Over five months, we gathered hydrological, water quality, and meteorological data from 34 observation points within the Huating Lake basin. The comprehensive data set enabled the establishment of five tree-based ML models: decision tree (DT), RF, XGBoost, classification enhancement (CatBoost), and light gradient boosting machine (LightGBM). The primary objectives were 1) identifying the optimal ML model for predicting TN/TP and delineating changes in the trophic levels of the lake, 2) leveraging the ML models to discern the limiting nutrients dictating eutrophication within the lake, and 3) employing the ML models to track changes in water quality by analyzing variations in phytoplankton parameters. This study epitomizes an innovative approach to forecasting and analyzing changes in lake water quality using ML models, potentially heralding a novel perspective on lake eutrophication management.

2 Materials and methods

2.1 Study area

The study area is the Huating Lake basin (30°26′–30°38′ N, 115°58′–116°18′ E), located at the southern foot of Dabie Mountain and on the northern bank of the Yangtze River, in Anhui Province, China (Table S1). Sampling points were selected based on relevant anthropogenic and environmental factors within the study area. The Huating Lake basin experiences four distinct seasons, with an annual average T of 16.4 °C. The annual average sunshine was 1938 h; the frost-free period was 249 d; the annual average rainfall was 1368.4 mm; the dominant wind direction was north-west and south-east; the annual average wind speed was 3.2 m/s. In addition, the Huating Lake basin has a basin area of 1870 km2, an average annual inflow of 46.3 m3/s, an average annual incoming water volume of 1.46 × 109 m3, and a total reservoir capacity of 2.366 × 109 m3, with a normal storage level of 88.00 m. Additionally, Huating Lake serves as a critical water source for the surrounding region, primarily fed by the Dianqian, Anle, Qingshi, Shuyan, and Siqian Rivers, and then flows into the Wan River and eventually into the Yangtze River, with average annual inflows of 6.0, 6.0, 7.6, 8.0, and 12.0 m3/s, respectively (Feng, 2007). In the lake’s region of inflow rivers, characterized by dense population, intensive livestock and poultry farming, and extensive agricultural activities, untreated pollutants are frequently discharged into the lake through tributaries. In recent decades, the lake has undergone a gradual intensification of eutrophication, which is closely associated with rapid population growth and accelerated economic development. This had particularly severe effects during periods of low water. The basin is affected by pollution from agricultural, industrial, and domestic sources, and nutrient levels vary widely. This makes it an ideal location for studying the dynamics of water quality changes in eutrophic lakes.

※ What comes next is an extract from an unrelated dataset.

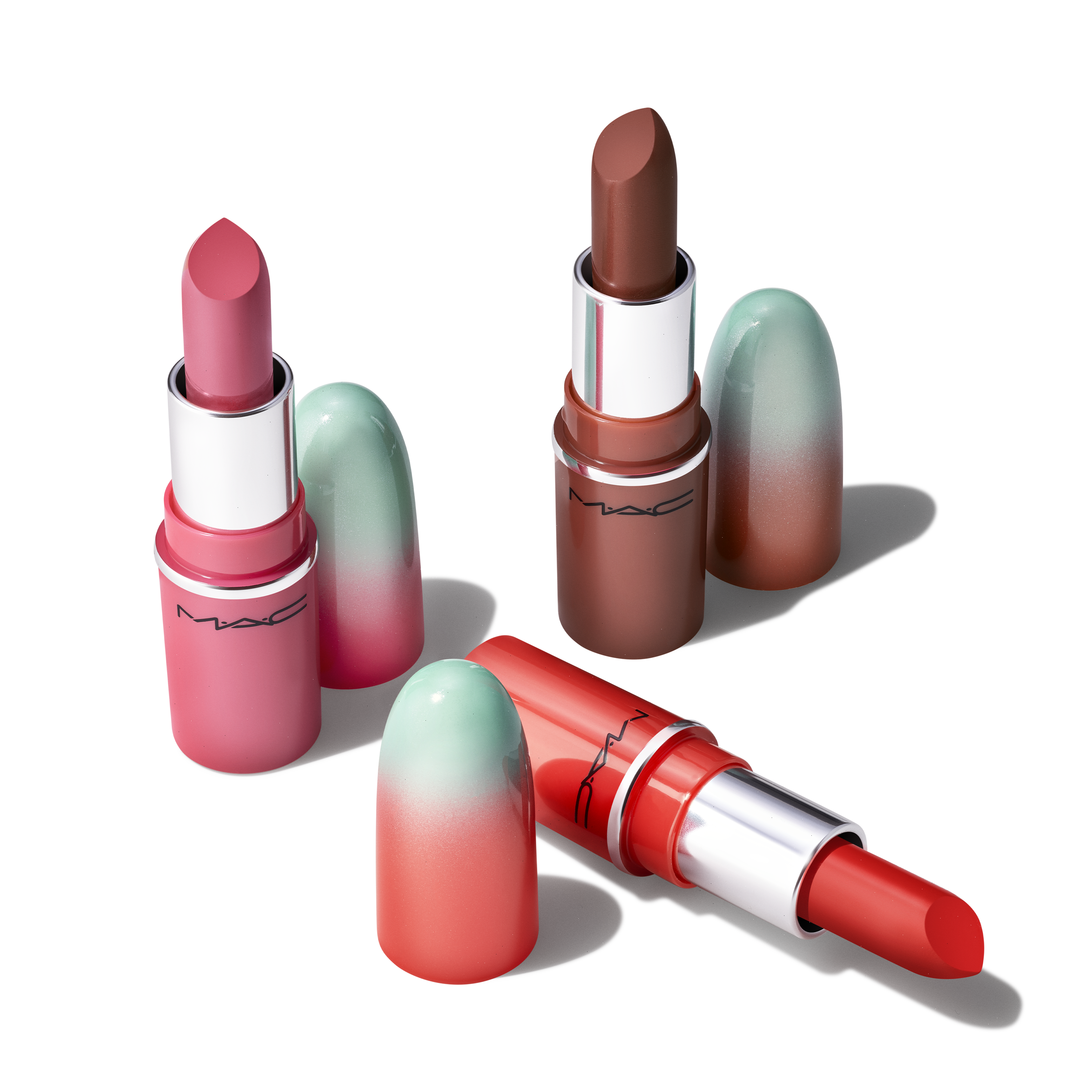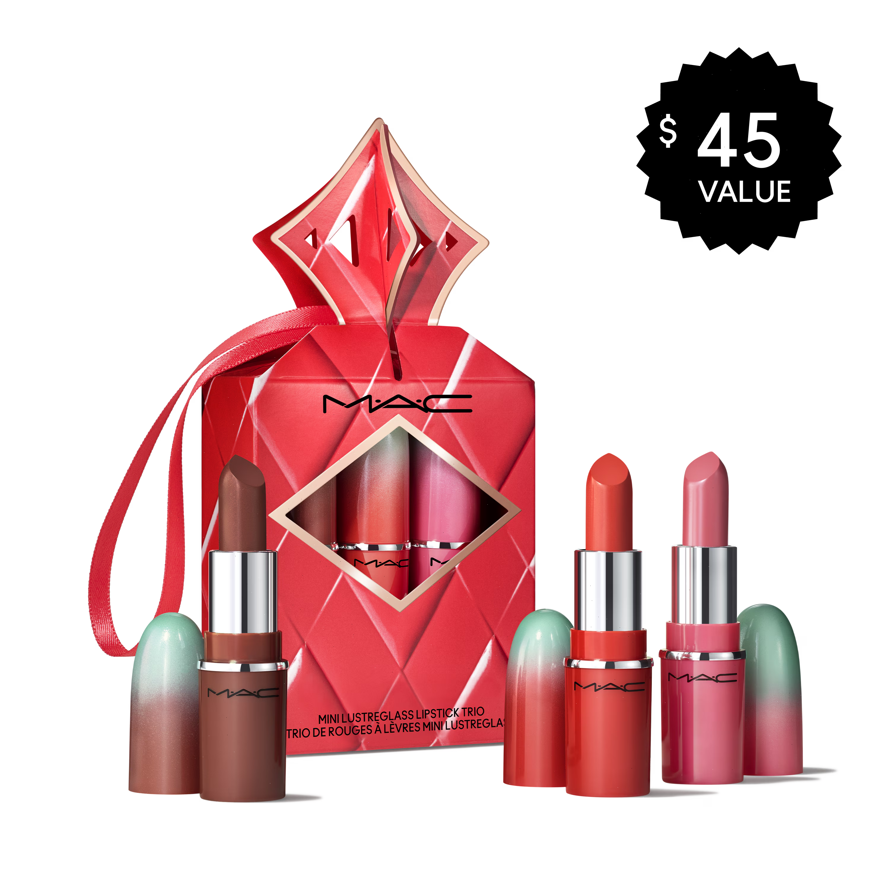 A giftable, holiday-exclusive lip trio of mini Lustreglass Sheer-Shine Lipstick in best-selling Nude and Bright shades at a M·A·Cnificent value

2.2 Data acquisition and laboratory analysis

This study focused on 34 sampling points in Huating Lake, and the constructed data set encompassing meteorological, physicochemical, and phytoplankton data (Table S1). Sampling was performed bi-monthly, with each session lasting for 2 d and encompassing 29 parameters. Seasonal monitoring at these 34 locations was performed in June, July, and September 2022 and in March and April 2023, as detailed in Tables S1 and S2. These months were selected to adequately reflect the three periods before, during, and after the onset of eutrophication in the lake, capture different values of water quality parameters, such as TP and TN, and evaluate the predictive ability and robustness of the model under different meteorological (rainy and dry season) conditions and trophic scenarios.
In this study, we employed a YSI multiparameter water quality sonde (YSI 6600 V2, Yellow Springs Instruments, USA) for in situ acquisition of key water quality parameters, including T, pH, dissolved oxygen (DO), electrical conductivity (EC), and redox potential (ORP). Additionally, Secchi depth (SD) was measured using a Secchi disk (SD20, Beijing Purity Instrument Co., Ltd., China), and the water flow velocity (v) was measured using a Siemens SITRANS FUS1010 ultrasonic flow meter (Siemens, Germany). Before each measurement, the instrument was calibrated according to the manufacturer’s instructions, and three repeat measurements were performed at each sampling point; these were then averaged to minimize errors. All data were double-checked after being recorded to ensure completeness and accuracy. Deionized water was used as a blank sample during sampling to detect potential field contamination. These measures ensured that the water quality data, were highly accurate and reliable, thus providing a solid database for subsequent analysis and model predictions.
We collected and mixed three surface water samples (0–50 cm deep) at each sampling point using three 1-L polyethylene (PP) bottles for laboratory analysis. These PP bottles were pre-moistened with sampling water before use to minimize the potential influence of the container on the samples. The samples for physical and chemical parameter analysis were immediately acidified with concentrated sulfuric acid (H2SO4) (98% purity, Sinopharm Chemical Reagent Co., Ltd., China) to a pH of 1 to 2 upon collection, stabilizing the samples and preventing chemical changes. Water samples for phytoplankton identification were treated with 10 mL of Lugol’s iodine solution (5% purity, Mreda, China) and stored under dark conditions at 2 to 5 °C, with prompt processing and analysis upon arrival at the laboratory (Xiong et al., 2019). In the laboratory, we determined the concentrations of TN, ammonia nitrogen (NH4–N), TP, chemical oxygen demand (CODMn), and active phosphate (AP) in the water samples, following the standard methods outlined by standard methods for the examination of water and wastewater (Jenkins, 1982). To ensure the accuracy of these tests, regular calibration of laboratory instruments was conducted, along with quality control using standard samples. The microcystin concentration (MC) was determined using a validated high-performance liquid chromatography method to ensure the reliability and repeatability of the results (Xiong et al., 2022).
For phytoplankton identification, data were gathered via water sample separation, followed by microscopy to observe and identify the morphology and structure of the samples (Behrenfeld et al., 2021). The samples were observed repeatedly to ensure the precision of the findings and subsequently compared with known reference specimens. The National Meteorological Data Center provided the meteorological data.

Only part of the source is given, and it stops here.